A retrospective cross-sectional study from January 1, 2012 to December 31, 2017 was conducted using a nationally representative claims-based database, Clinformatics™ Data Mart Database (OptumInsight, Eden Prairie, MN). Newly diagnosed, treatment naïve adults (≥ 18 years old) with PDR as defined by ICD9/10 codes and continuous enrollment for at least two years after diagnosis were included. CPT codes were used to determine PDR therapy and PPV status. Eyes were analyzed separately and were stratified into two groups: eyes receiving only anti-VEGF therapy (anti-VEGF group) and eyes treated with PRP monotherapy (PRP group). Primary outcomes were rates of PPV and median time to PPV for each group.
The cohort consisted of 2368 eyes with PDR. Overall, 52.8% of patients were male with a median age of 65 (54-71). Of these, 1787 eyes were treated with PRP only, and 581 were treated with anti-VEGF only. 3.4% (20/581) and 4.9% (87/1787) of eyes required PPV in the anti-VEGF and PRP groups respectively (p=0.150). Median time to PPV was 114 days and 188 days in the anti-VEGF and PRP groups respectively (p=0.079). Adjusted for gender and age, the odds of vitrectomy were not different between eyes treated with PRP only compared to those treated with anti-VEGF only (odds ratio [OR] 1.14, CI 0.69-1.96, p=0.629).

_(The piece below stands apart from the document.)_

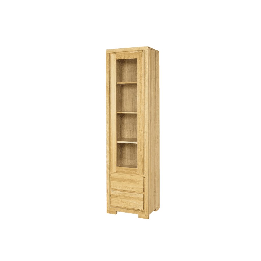 Štýlová vitrína CLASSIC KW351 z masívneho dubu v prírodnom odtieni je ideálnym riešením pre všetkých, ktorí hľadajú spojenie kvality, funkčnosti a nadčasového dizajnu. Vyrobená z poctivého dubového dreva, ktoré vyniká svojou pevnosťou, odolnosťou a krásnou kresbou. Vitrína ponúka kombináciu presklených políc a praktických zásuviek, vďaka čomu je perfektná na vystavenie dekorácií, porcelánu či kníh, a zároveň poskytuje dostatok miesta na uloženie drobností. Prírodná dubová farba a štýlový dizajn vitríny dokonale doplnia klasický interiérový dizajn vášho domova.

This study examines eyes with PDR treated with either anti-VEGF monotherapy or PRP monotherapy to determine the likelihood of vitrectomy in a large, nationally representative cohort. Although median time to vitrectomy was longer for anti-VEGF monotherapy compared to PRP monotherapy, both treatment modalities had the same odds of ultimately requiring a vitrectomy. These results suggest that PRP does not increase the odds of vitrectomy compared to anti-VEGF in PDR patients. The implications for clinical practice and patient counseling should be further explored.
This abstract was presented at the 2022 ARVO Annual Meeting, held in Denver, CO, May 1-4, 2022, and virtually.